- Born: November 15, 1933 Lynn, Massachusetts
- Died: October 10, 2021 (aged 87) San Rafael, California
- Education: New York University Columbia University
- Awards: Fellow of the American Mathematical Society (2012)
- Scientific career
- Fields: Mathematics, Music
- Workplaces: City College of New York
- Doctoral advisor: Heisuke Hironaka

= Jacob E. Goodman =

American geometer (1933–2021)

Jacob Eli Goodman (November 15, 1933 – October 10, 2021) was an American geometer who spent most of his career at the City College of New York, where he was professor emeritus.

==Research==
Together, he and Richard M. Pollack, his long-term collaborator, introduced concepts such as "allowable sequences of permutations" and "wiring diagrams", which have played an important role in discrete geometry, specifically in the study of arrangements of pseudolines and (more generally) oriented matroids. His work with Pollack includes such results as the first nontrivial bounds on the number of order types of polytopes, and a generalization of the Hadwiger transversal theorem to higher dimensions. He and Pollack were the founding editors of the journal Discrete & Computational Geometry.

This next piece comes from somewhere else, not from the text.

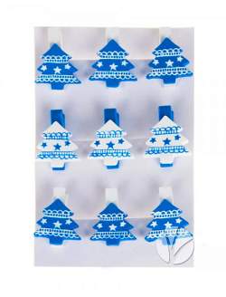Набор из девяти елочек на прищепках. Удобно закрывать пакетики с подарками, открытки. Можно использовать как украшение на елку.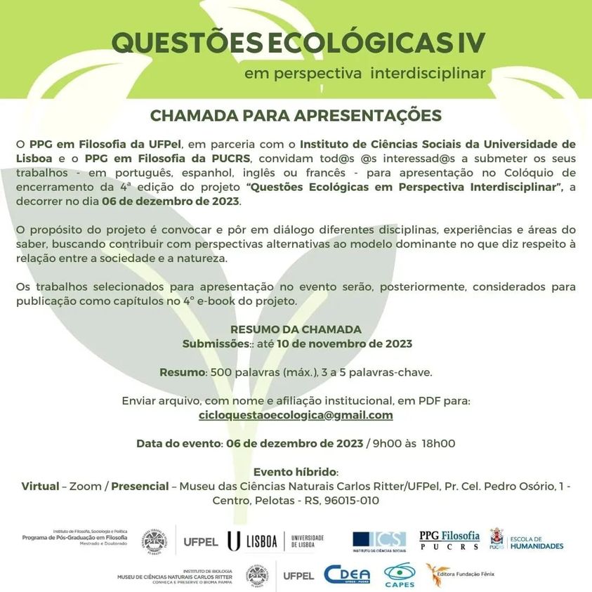 O PPG em Filosofia da UFPel, em parceria com o Instituto de Ciências Sociais da Universidade de Lisboa e o PPG em Filosofia da PUCRS, convidam tod@s s interessad@s a submeter os seus trabalhos – em português, espanhol, inglês ou francês – para apresentação no Colóquio de encerramento da 4ª edição do projeto Questões Ecológicas em Perspectiva Interdisciplinar, a decorrer no dia 06 de dezembro de 2023.

Goodman was the originator of the "pancake problem", an elementary question on permutations which he published under the pseudonym Harry Dweighter. The problem gave rise to the concept of pancake sorting.

Goodman co-edited the book Handbook of Discrete and Computational Geometry with Joseph O'Rourke.

==Music==
In 1999, Goodman returned to an old love, musical composition, and in 2002 was founding president of the New York Composers Circle.

==Awards==
In 2012 he became a fellow of the American Mathematical Society.

==Selected publications==
- Dweighter, Harry (1977). "Solutions of Elementary Problem E2569".
- Goodman, Jacob E. (1980). "Proof of a conjecture of Burr, Grünbaum, and Sloane".
- Goodman, Jacob E. (1983). "Multidimensional sorting".
- Goodman, Jacob E. (1984). "Semispaces of configurations, cell complexes of arrangements".
- Goodman, Jacob E. (1995). "Foundations of a theory of convexity on affine Grassmann manifolds".
- Goodman, Jacob E. (1990). "The intrinsic spread of a configuration in R^d"
- Cappell, Sylvain (1994). "Common tangents and common transversals".
- Goodman, Jacob E. (2008). "Surveys on Discrete and Computational Geometry: Twenty Years Later".